PATIENTS AND METHODS: Eighty patients with type 1 diabetes mellitus who had 25-hydroxyvitamin D levels less than 50 nmol/L were assigned to receive 4000 IU of vitamin D3. Calcium supplements were provided to ensure a total calcium intake of 1200 mg/d. Glycosylated hemoglobin and 25-hydroxyvitamin D levels were measured at baseline and at 12 weeks.

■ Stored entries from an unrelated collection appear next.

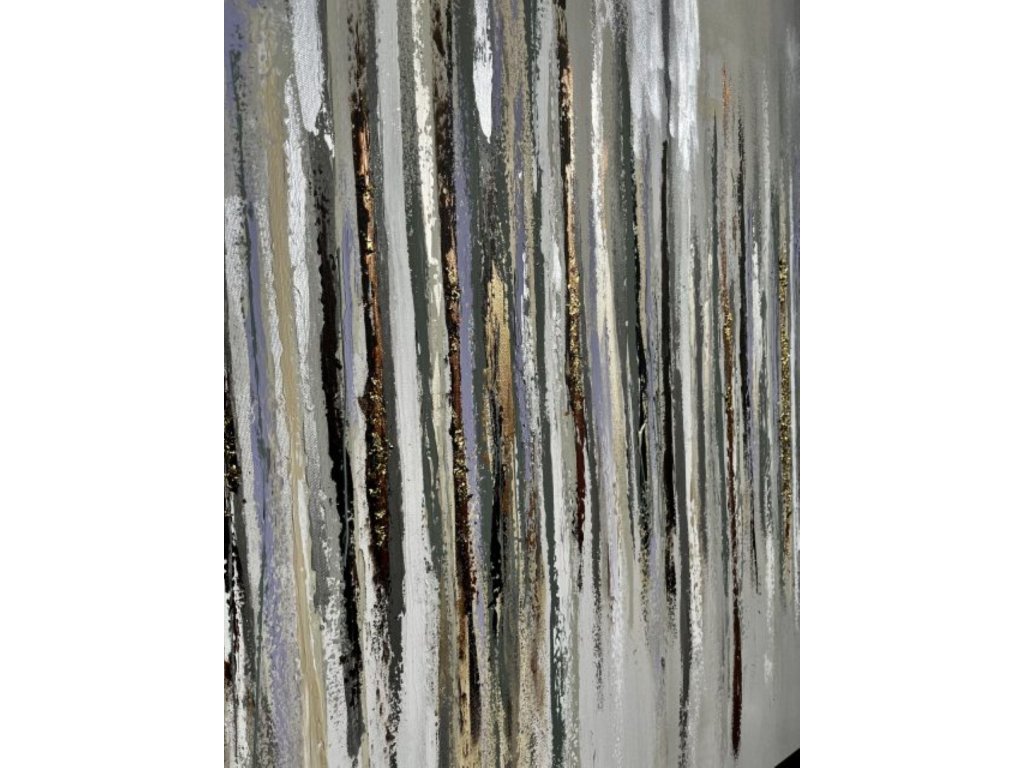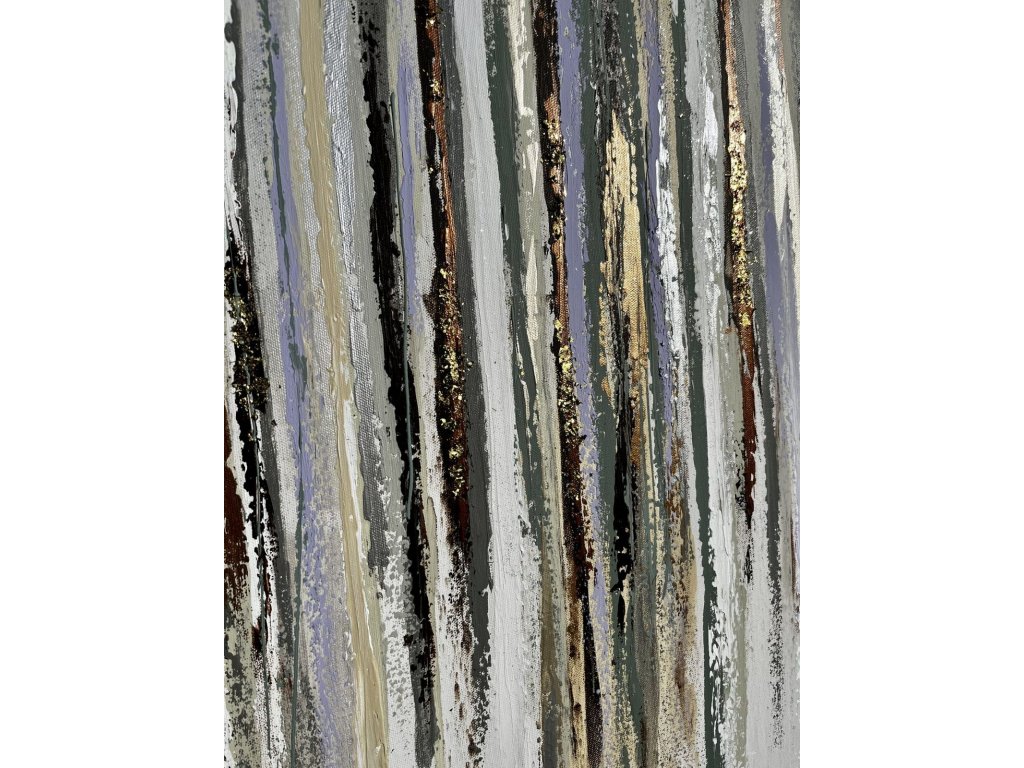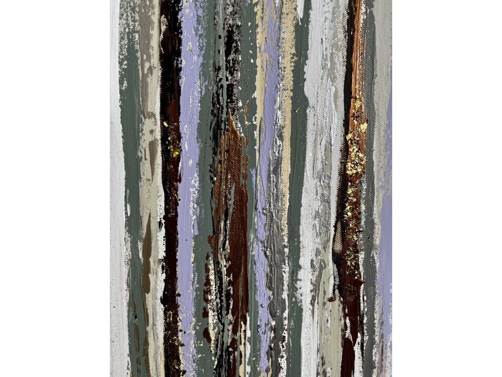 A festmény vegyes technikával készült, ahol a csillogó, fémes és földszínű árnyalatok harmonikusan kapcsolódnak egymáshoz. A bronzos, aranyos és neutrális tónusok különleges mélységet és finom luxusérzetet teremtenek, miközben a felület struktúrája élővé és dinamikussá teszi az alkotást.
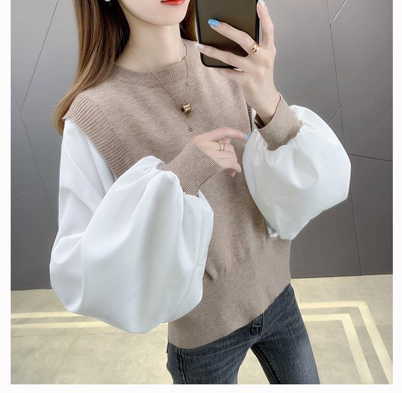 ぽわんとしたパフスリーブが大人可愛い重ね着風トップスです。
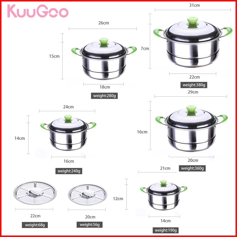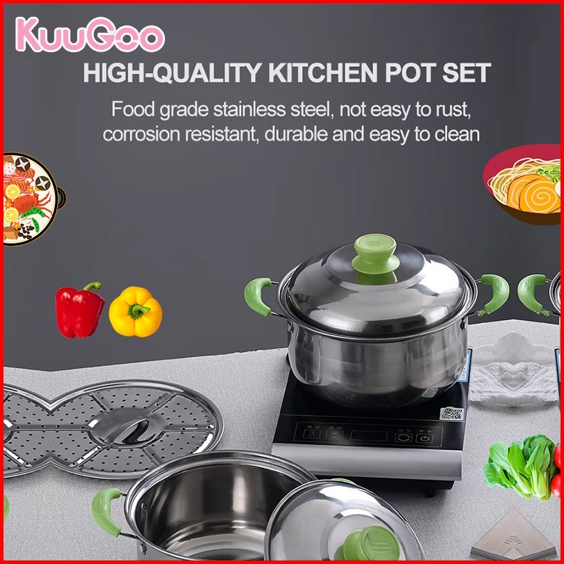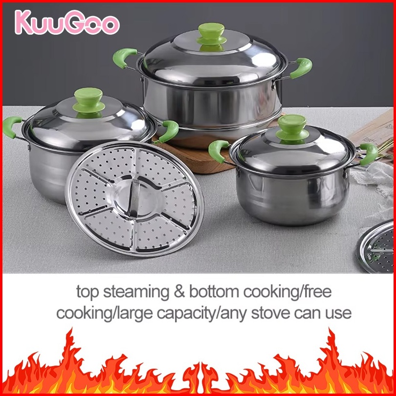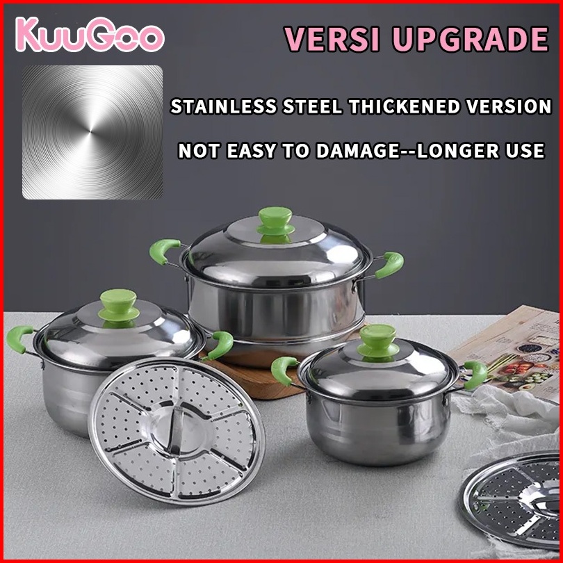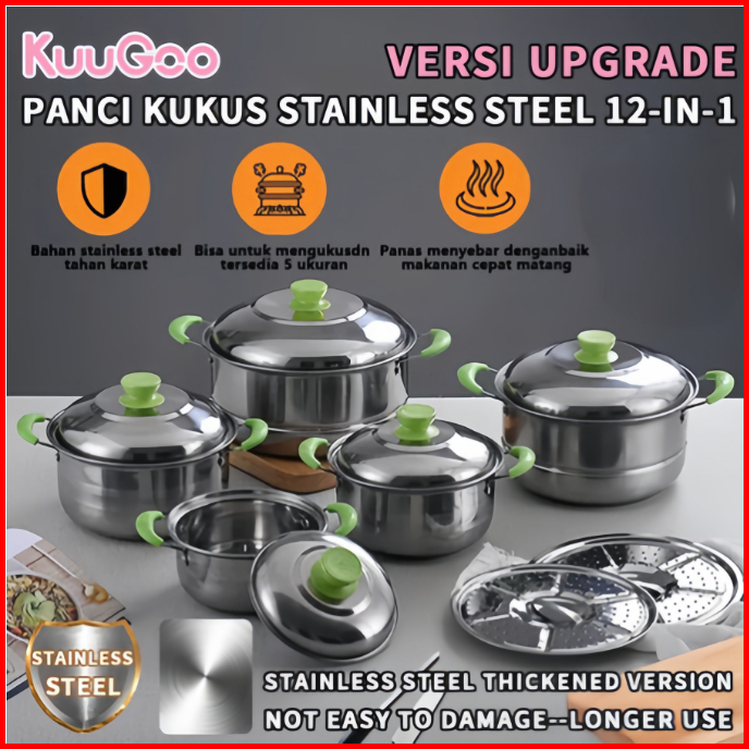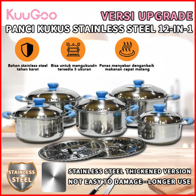 Kuugoo 12in1 Upgraded Panci Steamer Set Stainless Isi 5 Pcs 2pcs Kukusan Panci Bahan Tebal Premium Panci Stainless Set T
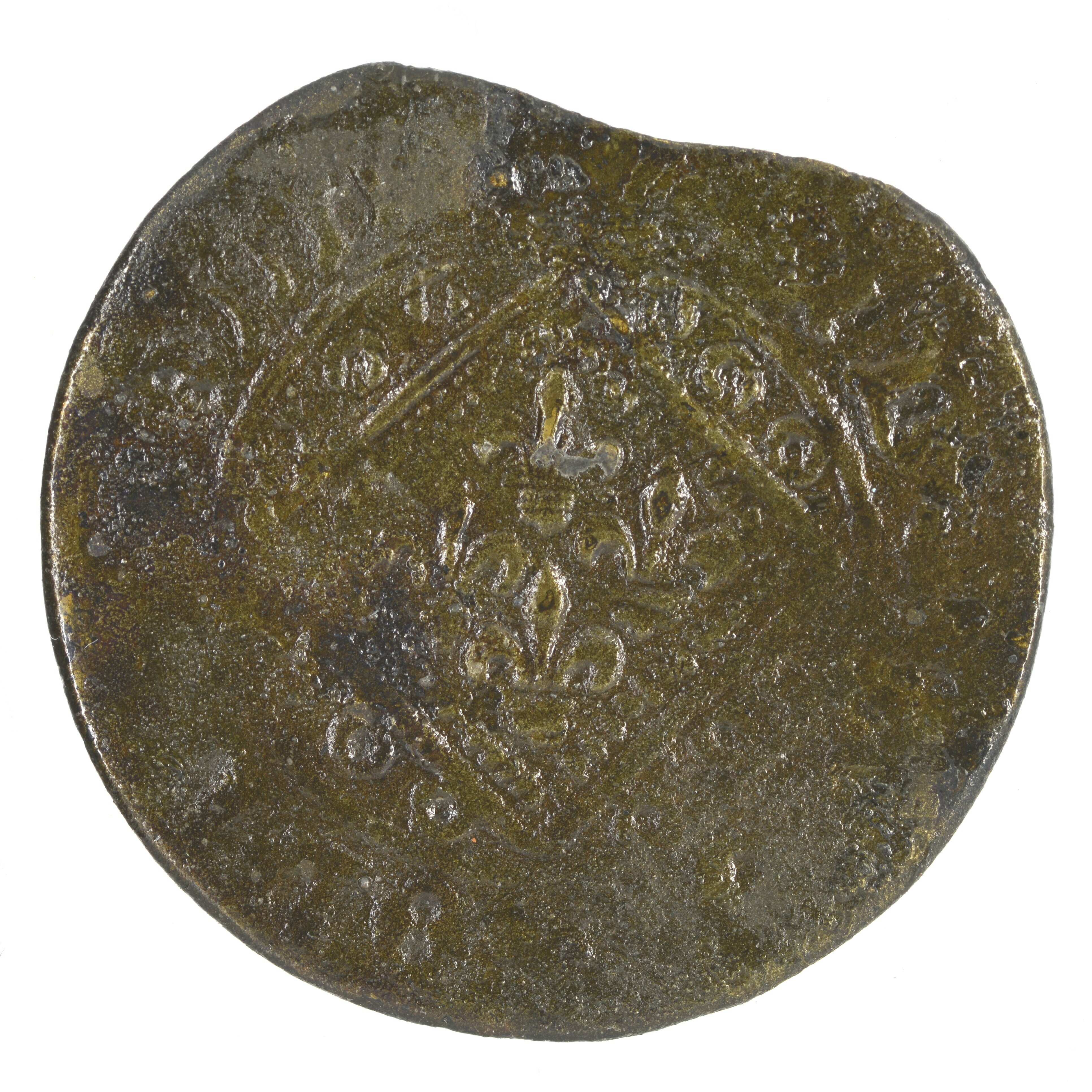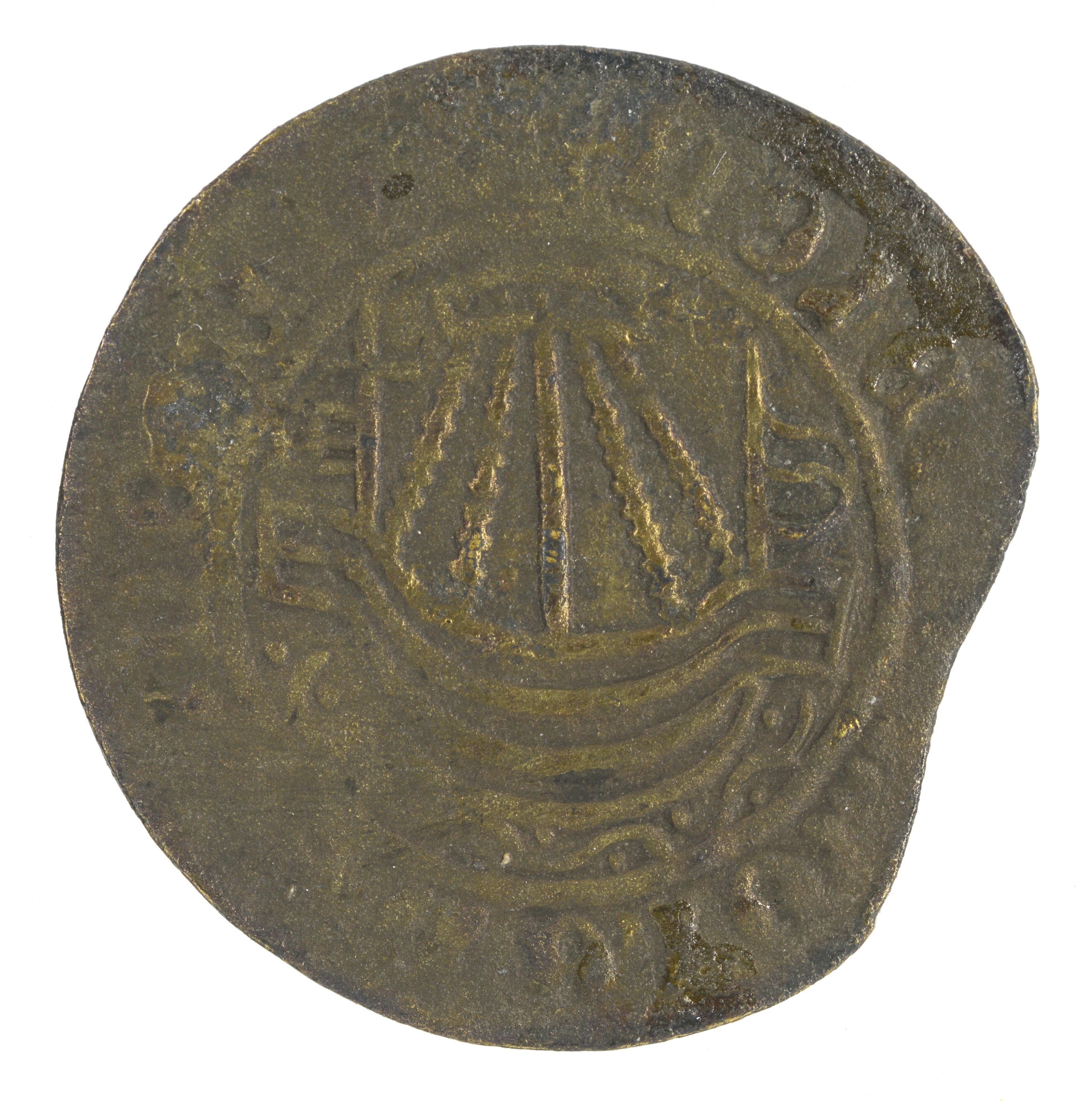 Rekenpenning; vz.: koggeschip met pseudo randtekst; kz.: een ruit met vier Franse lelies en pseudo randtekst; gewicht: 2.20 gram
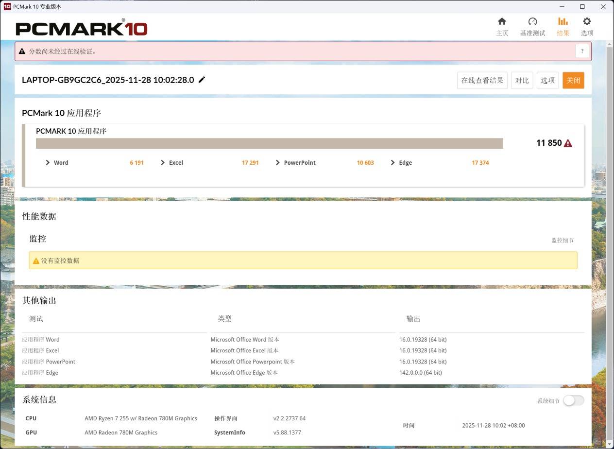 使用PCMARK 10中的应用程序项目进行文字办公性能的评估,该测试会调用Office三件套Word、Excel、PPT,以及Edge浏览器进行一系列的脚本操作后加权得出性能得分,最终得分为11850分。
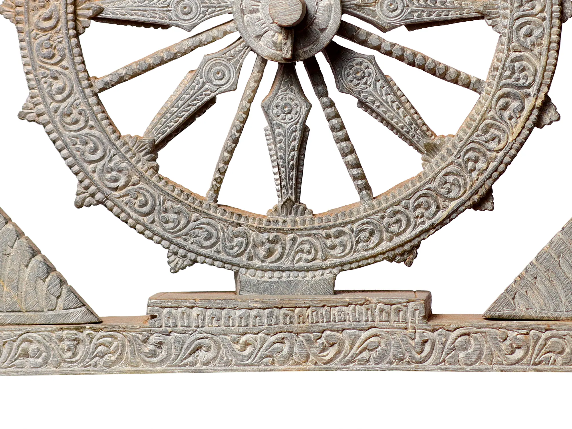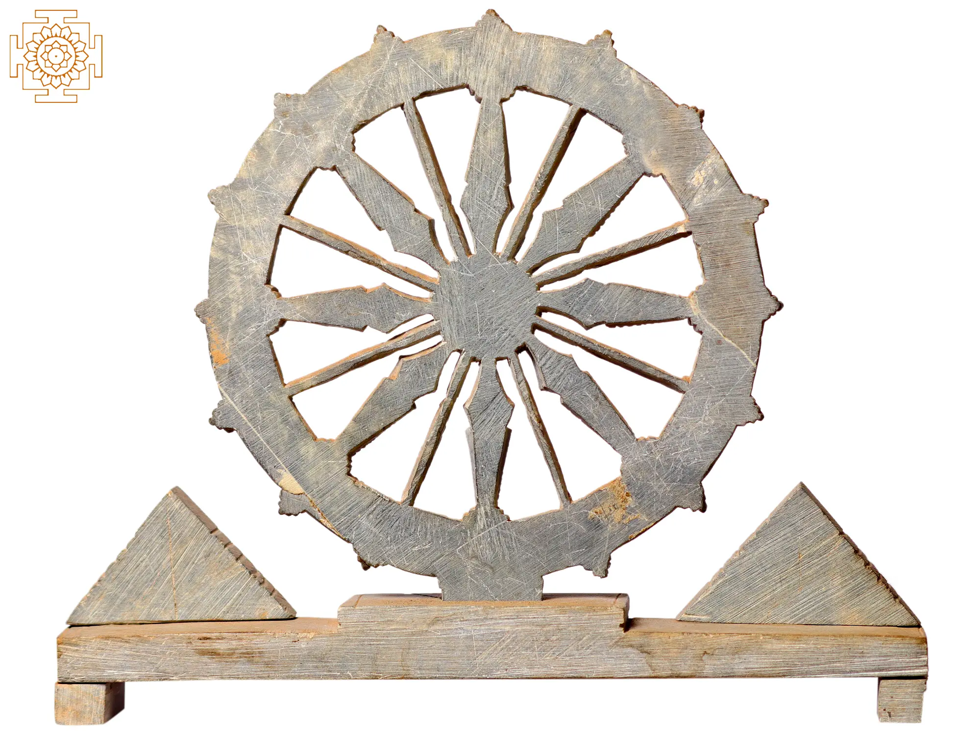To possess this carving is to invite a sense of peace, purpose, and spiritual awareness into your space. Its presence can serve as a constant reminder of the cyclical nature of life, the importance of righteous action (Dharma), and the ultimate pursuit of spiritual understanding. Whether placed in a meditation room, a study, or as a striking centerpiece in your home, this Dharma Chakra is sure to be a conversation starter and a source of profound inspiration, connecting you to the timeless wisdom that has shaped civilizations.

RESULTS: There was a significant difference in mean (SD) glycosylated hemoglobin level (%) between the groups that achieved 25-hydroxyvitamin D levels of <35.4 nmol/L, 35.4-51 nmol/L and >51 nmol/L at 12 weeks (P=.02). There was a significant difference in glycosylated hemoglobin change from baseline between the groups that achieved 25-hydroxyvitamin D levels of <35.4 nmol/L, 35.4-51 nmol/L and >51 nmol/L at 12 weeks (P=.04). There was a significant difference in 25-hydroxyvitamin D level between the groups that achieved glycosylated hemoglobin levels of <7.8, 7.8-9.9 and >9.9 at 12 weeks (P=.001). Patients were more likely to achieve lower glycosylated hemoglobin levels at 12 weeks if they had higher 25-hydroxyvitamin D levels at 12 weeks (r=-0.4, P=.001).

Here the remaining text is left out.